__Work task__.
Beginning at the line that contains "Personalized LED Night" and finishing at the line that contains "古着 カーハート Carhartt", output the data below exactly. Include both end lines and no pictures.

*** Opening of Material supplied ***

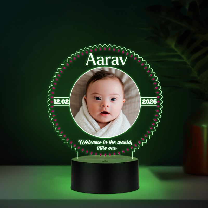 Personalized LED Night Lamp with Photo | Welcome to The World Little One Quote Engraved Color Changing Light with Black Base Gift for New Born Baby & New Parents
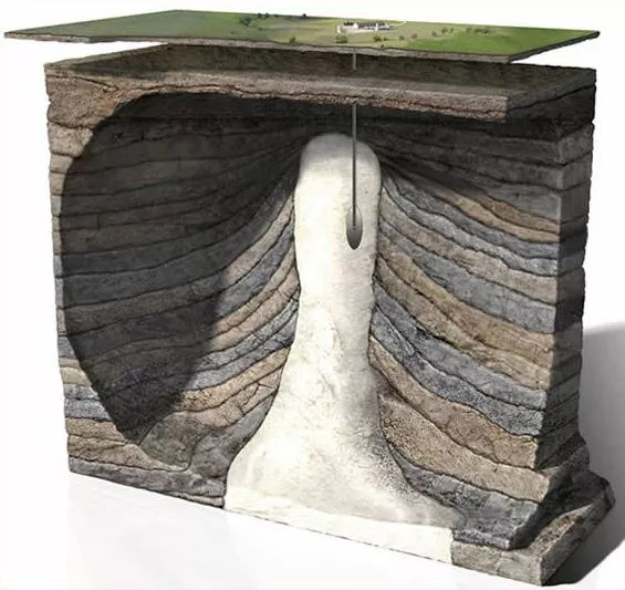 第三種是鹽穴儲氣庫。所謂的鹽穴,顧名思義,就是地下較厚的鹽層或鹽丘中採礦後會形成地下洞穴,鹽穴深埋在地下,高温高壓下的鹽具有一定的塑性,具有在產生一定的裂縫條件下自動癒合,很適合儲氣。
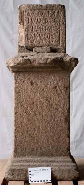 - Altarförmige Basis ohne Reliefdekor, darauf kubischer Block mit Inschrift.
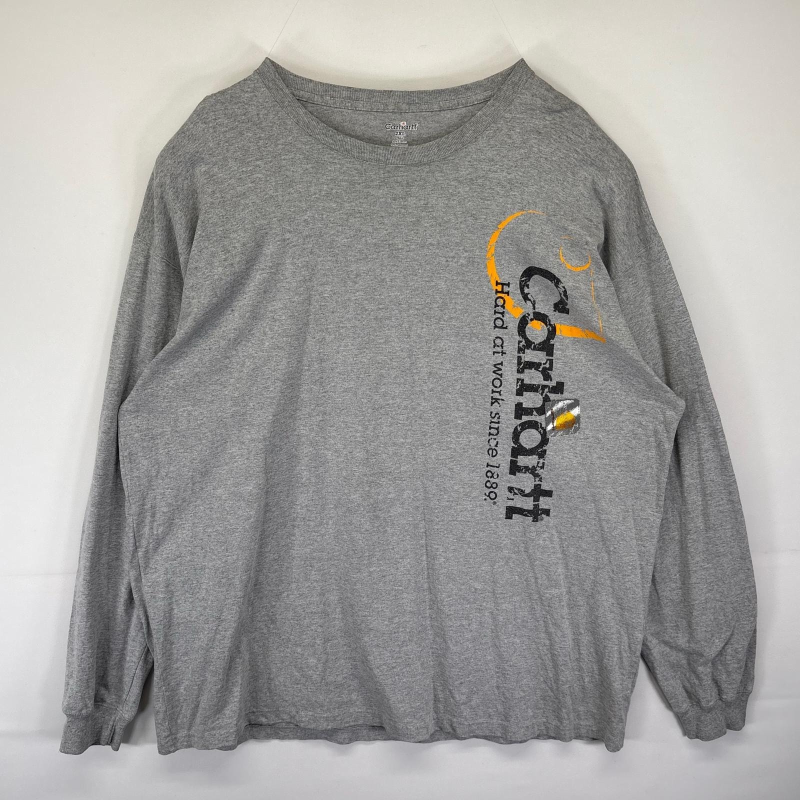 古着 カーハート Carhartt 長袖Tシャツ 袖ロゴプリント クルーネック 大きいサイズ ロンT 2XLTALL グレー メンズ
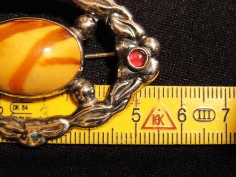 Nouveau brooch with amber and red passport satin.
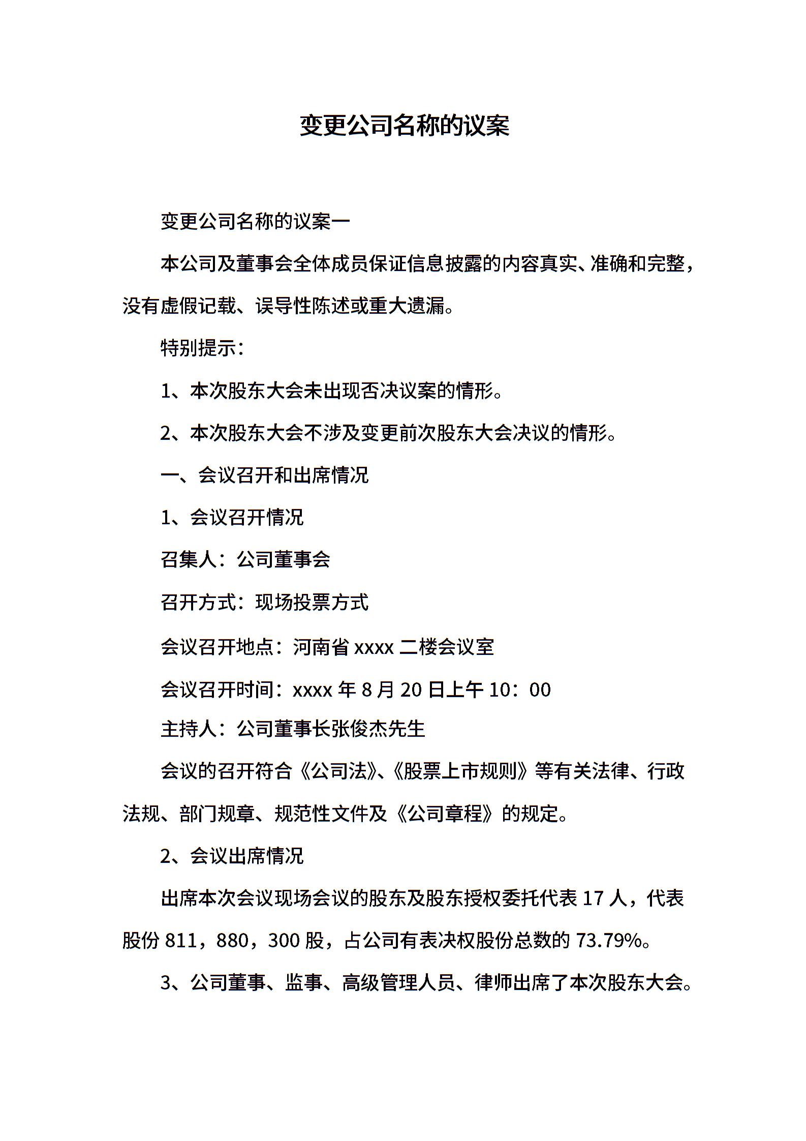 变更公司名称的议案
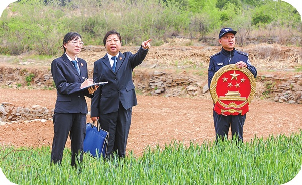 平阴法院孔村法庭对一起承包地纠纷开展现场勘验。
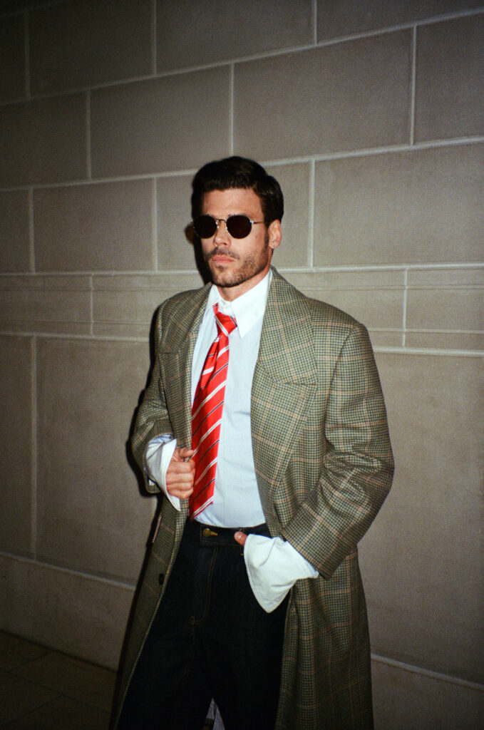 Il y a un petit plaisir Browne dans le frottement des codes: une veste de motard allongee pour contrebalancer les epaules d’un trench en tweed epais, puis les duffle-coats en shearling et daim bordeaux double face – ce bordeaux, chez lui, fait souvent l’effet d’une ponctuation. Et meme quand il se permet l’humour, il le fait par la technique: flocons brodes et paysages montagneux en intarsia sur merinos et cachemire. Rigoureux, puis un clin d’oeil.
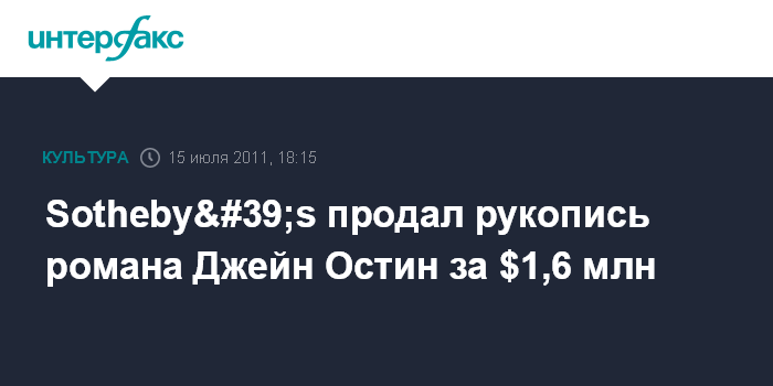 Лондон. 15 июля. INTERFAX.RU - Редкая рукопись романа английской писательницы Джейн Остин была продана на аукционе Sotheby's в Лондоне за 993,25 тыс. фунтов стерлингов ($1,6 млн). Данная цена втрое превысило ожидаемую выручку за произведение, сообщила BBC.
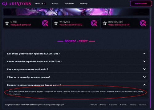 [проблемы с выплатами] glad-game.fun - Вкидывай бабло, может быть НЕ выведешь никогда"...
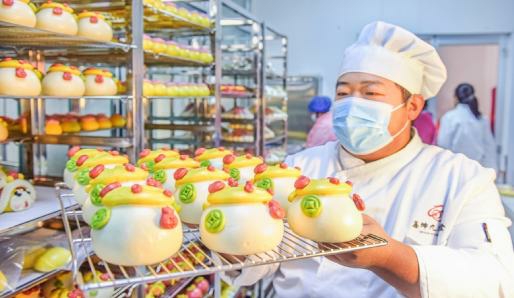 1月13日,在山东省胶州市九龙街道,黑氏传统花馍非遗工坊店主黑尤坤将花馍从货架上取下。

*** Close of Material supplied ***
*** Opening of Material supplied ***

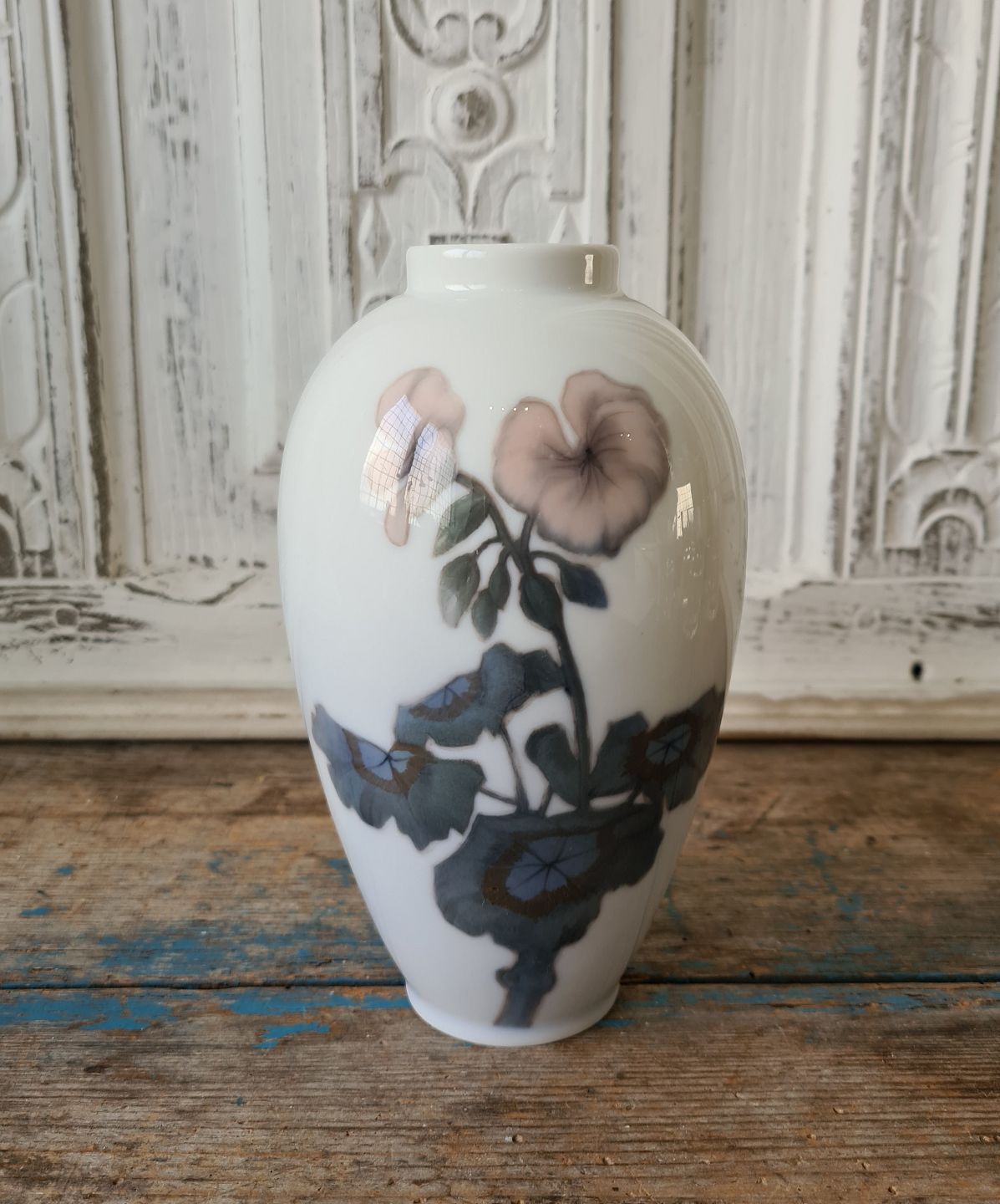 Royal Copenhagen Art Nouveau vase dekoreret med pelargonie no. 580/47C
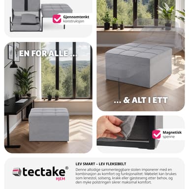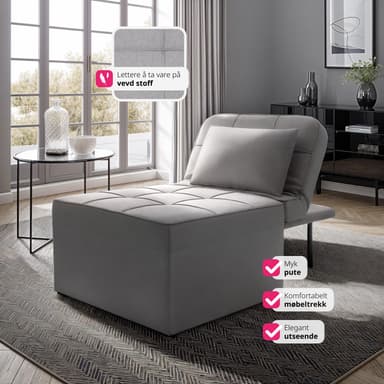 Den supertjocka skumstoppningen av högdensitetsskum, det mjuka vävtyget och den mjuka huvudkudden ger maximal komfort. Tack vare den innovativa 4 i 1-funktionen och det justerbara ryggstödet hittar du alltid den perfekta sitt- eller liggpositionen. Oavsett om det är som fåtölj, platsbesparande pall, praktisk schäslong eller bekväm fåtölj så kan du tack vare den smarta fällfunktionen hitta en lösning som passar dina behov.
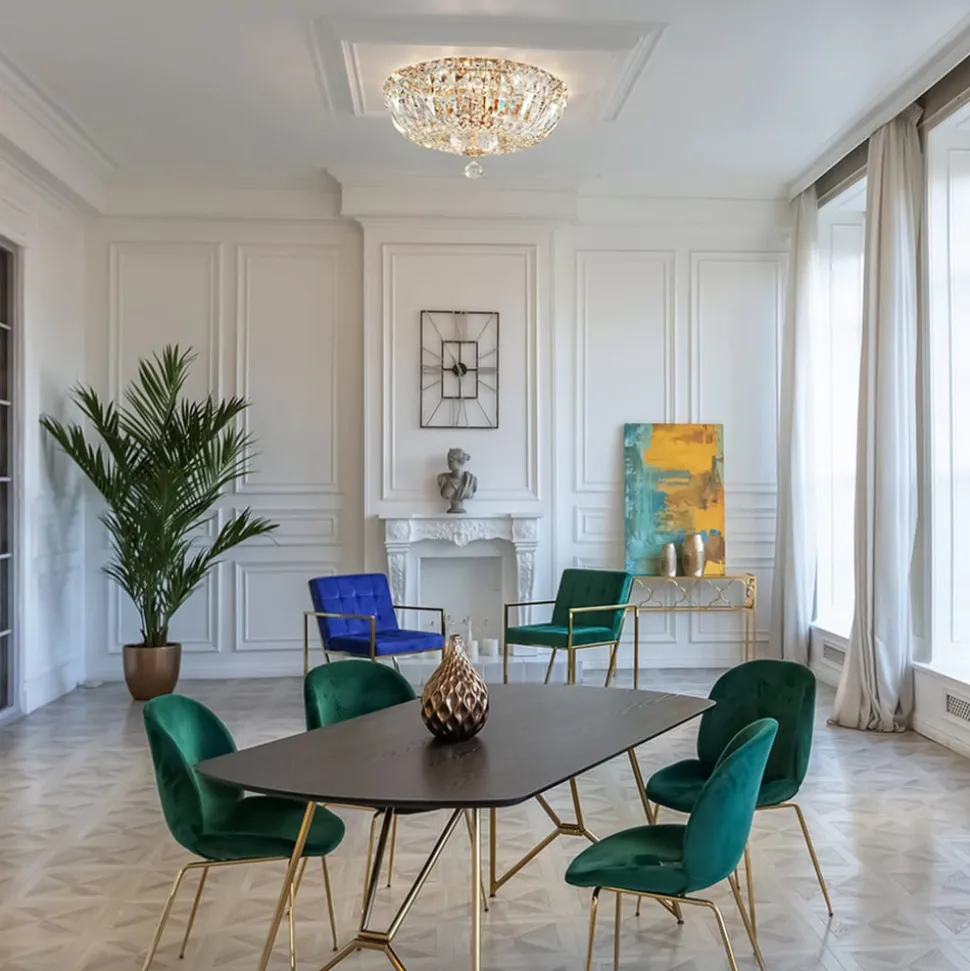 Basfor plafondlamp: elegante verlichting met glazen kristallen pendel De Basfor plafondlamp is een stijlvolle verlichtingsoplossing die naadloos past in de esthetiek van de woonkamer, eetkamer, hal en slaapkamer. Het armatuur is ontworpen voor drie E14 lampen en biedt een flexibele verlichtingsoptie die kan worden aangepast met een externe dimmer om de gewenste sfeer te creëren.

*** Close of Material supplied ***

__Result__.
 Personalized LED Night Lamp with Photo | Welcome to The World Little One Quote Engraved Color Changing Light with Black Base Gift for New Born Baby & New Parents
 第三種是鹽穴儲氣庫。所謂的鹽穴,顧名思義,就是地下較厚的鹽層或鹽丘中採礦後會形成地下洞穴,鹽穴深埋在地下,高温高壓下的鹽具有一定的塑性,具有在產生一定的裂縫條件下自動癒合,很適合儲氣。
 - Altarförmige Basis ohne Reliefdekor, darauf kubischer Block mit Inschrift.
 古着 カーハート Carhartt 長袖Tシャツ 袖ロゴプリント クルーネック 大きいサイズ ロンT 2XLTALL グレー メンズ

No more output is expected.